Miércoles de la XVIII Semana del Tiempo Ordinario (Par)

Mt 15, 21-28

A pesar de la intensión de Jesús de pasar de largo, porque entiende que su misión es sólo ir a las ovejas descarriadas de Israel, sus discípulos insistieron en que atendiera a la mujer cananea porque andaba gritando: Hijo de David, ten compasión de mí. Jesús la reprende por dar la comida de los hijos a los perros. Pero, en un segundo momento, reconoce la grandeza de su fe.

En no pocas ocasiones elegimos mal, y entendemos mal nuestra relación con los hijos. No sólo basta con darles de comer, cubrir sus necesidades (que muchas veces no lo son), educarlos; también hay que estar presente en cada uno de los acontecimientos importantes de su vida.

Educar significa estar presente, encaminar, desarrollar las facultades intelectuales y morales por medio de normas que ayuden al crecimiento. Se necesitan establecer límites adecuados y oportunos para que nuestros hijos no se conviertan en pequeños dictadores.
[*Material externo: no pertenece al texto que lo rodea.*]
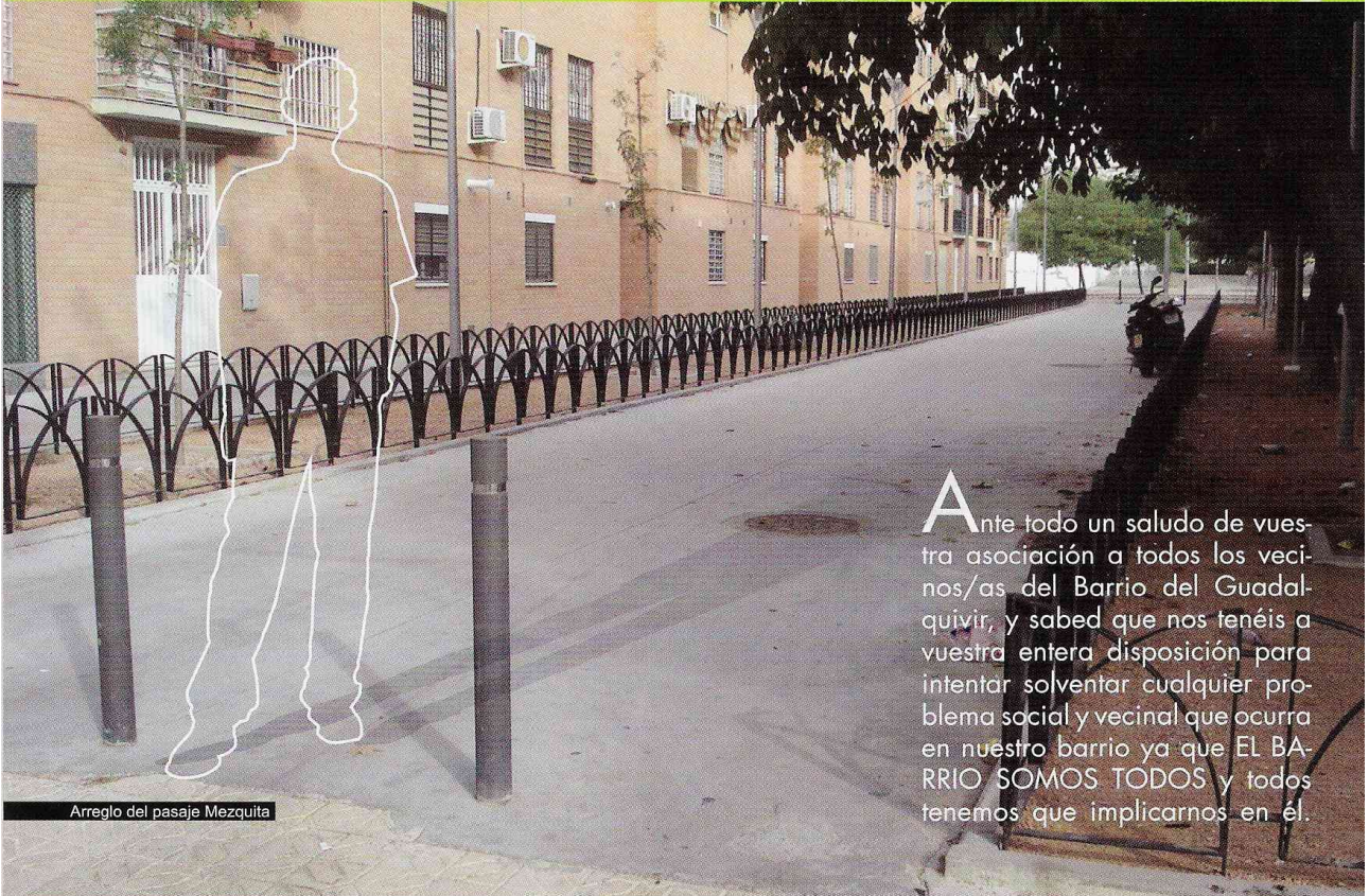
Arreglo del pasaje Mezquita

Ante todo un saludo de vuestra asociación a todos los vecinos/as del Barrio del Guadalquivir, y sabed que nos tenéis a vuestra entera disposición para intentar solventar cualquier problema social y vecinal que ocurra en nuestro barrio ya que EL BARRIO SOMOS TODOS y todos tenemos que implicarnos en él.

Un no a tiempo supone un aprendizaje para levantarse ante los fracasos futuros. Sin embargo, ante todo, educar es creer a quien se educa: en sus esfuerzos, en su capacidad de superación.

A veces recurrimos al chantaje emocional para que nuestros hijos nos obedezcan, y otras veces, los dejamos abandonados a su suerte, creyendo que estaremos presentes y apoyando cuando caiga.
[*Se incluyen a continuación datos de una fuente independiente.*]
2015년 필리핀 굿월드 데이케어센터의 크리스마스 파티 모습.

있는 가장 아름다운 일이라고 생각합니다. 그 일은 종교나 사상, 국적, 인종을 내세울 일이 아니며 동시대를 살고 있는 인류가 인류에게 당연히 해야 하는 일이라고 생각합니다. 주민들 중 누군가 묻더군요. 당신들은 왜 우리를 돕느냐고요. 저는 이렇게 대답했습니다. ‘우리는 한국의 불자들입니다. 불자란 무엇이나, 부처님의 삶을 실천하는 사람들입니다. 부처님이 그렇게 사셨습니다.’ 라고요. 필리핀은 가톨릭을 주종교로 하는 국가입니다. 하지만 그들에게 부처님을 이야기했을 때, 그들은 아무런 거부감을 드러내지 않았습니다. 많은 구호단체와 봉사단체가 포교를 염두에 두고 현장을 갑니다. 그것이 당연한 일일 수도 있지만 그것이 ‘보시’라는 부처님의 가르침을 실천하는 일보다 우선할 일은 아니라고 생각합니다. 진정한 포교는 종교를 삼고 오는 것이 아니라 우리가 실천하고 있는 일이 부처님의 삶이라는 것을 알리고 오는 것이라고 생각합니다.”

Sin embargo, hay ocasiones que atendemos mejor a nuestras mascotas que a nuestros hijos. De ahí la reprimenda de Jesús a la mujer cananea.
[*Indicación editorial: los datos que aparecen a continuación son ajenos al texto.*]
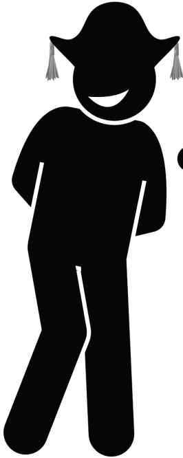
Książę Piegon Facon
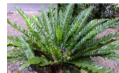
ヤエヤマオオタニワタリ

Es cierto, que a veces los hijos se niegan a aceptar el cariño y el sacrificio de sus padres cuando crecen. La vergüenza que crece en ellos por depender de sus padres se convierte en un estado de rechazo y animadversión donde crece la rebeldía. Pero no por ello, debemos de perder la esperanza y la fe. Sólo son etapas de crisis por las que hay que pasar, para encontrarnos nuevamente en un estado de serenidad y armonía.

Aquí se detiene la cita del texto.